Both formal and informal rule-based systems (prediction systems, substitution systems, or re-writing systems) have been used to guide behavior and thought for millennia. Formal rule-based systems are ubiquitous in computer science.

Types of rule-based systems

- Generative grammars
- L-systems
- Shape grammars
- Automaton
- Transition networks
- Augmented transition networks
- Petri nets

- Markov chains
- Hidden Markov chains

Rule-based systems have been used for centuries to describe the syntax of natural languages—a formal grammar.

Human languages have three dimensions: syntax, semantics, and pragmatics. We can formalize the syntax of a language using a grammar and, with a formal grammar, can test if a given sentence is part of the language or not (syntactically correct) and generate new sentences using the rules.
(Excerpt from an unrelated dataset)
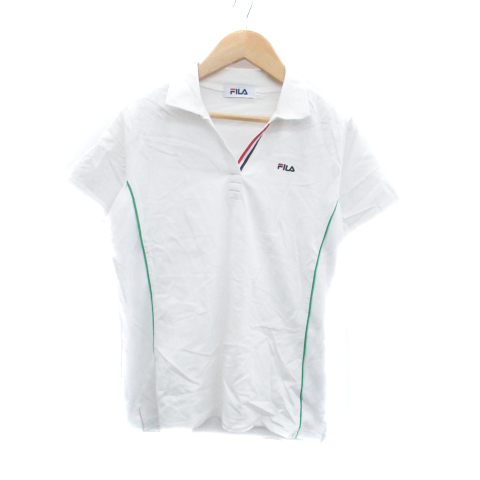 【中古】フィラ FILA カットソー スキッパーカラー 半袖 切替 刺繍 L オフホワイト /HO14 レディース

Generative grammars are made of rewrite rules: rules in which the left side of the rule is rewritten by the right side and where the sides are expressions composed of terminal symbols (concrete elements such as nouns, verbs, adjectives, etc.) and nonterminal symbols (lexical categories such as sentence, verbal phrase, nominal phrase, noun, verb, etc.).

G forms a grammar:

- G = [V, V
_{T}, R, S]

V is a set of nonterminal symbols:

- S - sentence
- VP - verb phrase
- NP - noun phrase
- V - verb
- PP - prepositional phrase
- AP - adjective phrase
- Adv - adverb
- P - preposition
- Det - determinant
- N - noun

R is a set of rules where parenthesis indicate optional elements and an initial symbol is a nonterminal symbol:

- S → NP VP
- VP → V (NP) (PP)
- AP → (Adv) A (PP)
- PP → P NP
- NP → (Det) (AP) N (PP)

V_{T} is a set of terminal symbols:

- V
_{T}= {“Sally”, “Bob”, “dog”, “cat”, “house”, “a”, “the”, “follows”, “likes”, “knows”, etc. }

S, some of the nonterminal symbols can be substituted by terminal symbols:

- N → “Sally”, “Bob”, “dog”, “cat”, “house”
- Det → “a”, “the”
- V → “follows”, “likes”, “knows”
- etc.

A syntax tree can be constructed using the rules of the grammar to test if a given sentence belongs to the language or to generate new ones. It should be noted that this method can result in sentences that are grammatically correct, but meaningless such as “the house knows a very big Bob.”

Typology of generative grammars for formal languages. In decreasing order of generative capacity:

Grammar | Restrictions | Formal language | Automaton | Generative capacity | Complexity | Expressivity |
---|---|---|---|---|---|---|

Type-0 grammar (unrestricted grammars) | No restriction on either side of the production rules | Recursively enumerable or partially decidable | Non-deterministic Turing machine | Very high | Undecidable | The most expressive but too complex to be practical |

Type-1 grammar (context sensitive grammar) | The number of symbols on the right must be greater than or equal to the number of symbols on the right | Context sensitive | Linear-bounded automaton | High | Exponential (All languages of type-1 and above are decidable) | Expressive but too complex to be practical in most cases |

Type-2 grammar (context-free grammar) | The left hand side of the production rules must consist of one single nonterminal symbol | Context-free | Pushdown automaton | Medium | Polynomial | |

Type-3 grammar (regular grammar) | The left hand side must consist of one single nonterminal symbol and right is a terminal followed by a nonterminal (right-linear) OR a terminal preceded by a nonterminal (left-linear) | Regular | Deterministic finite automaton or non-deterministic finite automaton (and Markov models) | Low | Linear |

Choice between several rules. Can be managed as a probabilistic grammar.

- R
_{1}: S = NP VP NP - p(R_{1})=0.1, rare - R
_{2}: S = NP VP - p(R_{2})=0.3, occasional - R
_{3}: S = NP - p(R_{3})=0.6, common

Grammars are powerful and expressive formalism that can elicit complex structures and recurrence and are good at capturing hierarchical structures. They are human readable and allow us to encode determinism and indeterminism. They are precise descriptors of the knowledge involved in the generative process. Generative grammars are limited in that their structures are often rigid and the way they encode syntax is difficult to extend to other domains with the same formalism.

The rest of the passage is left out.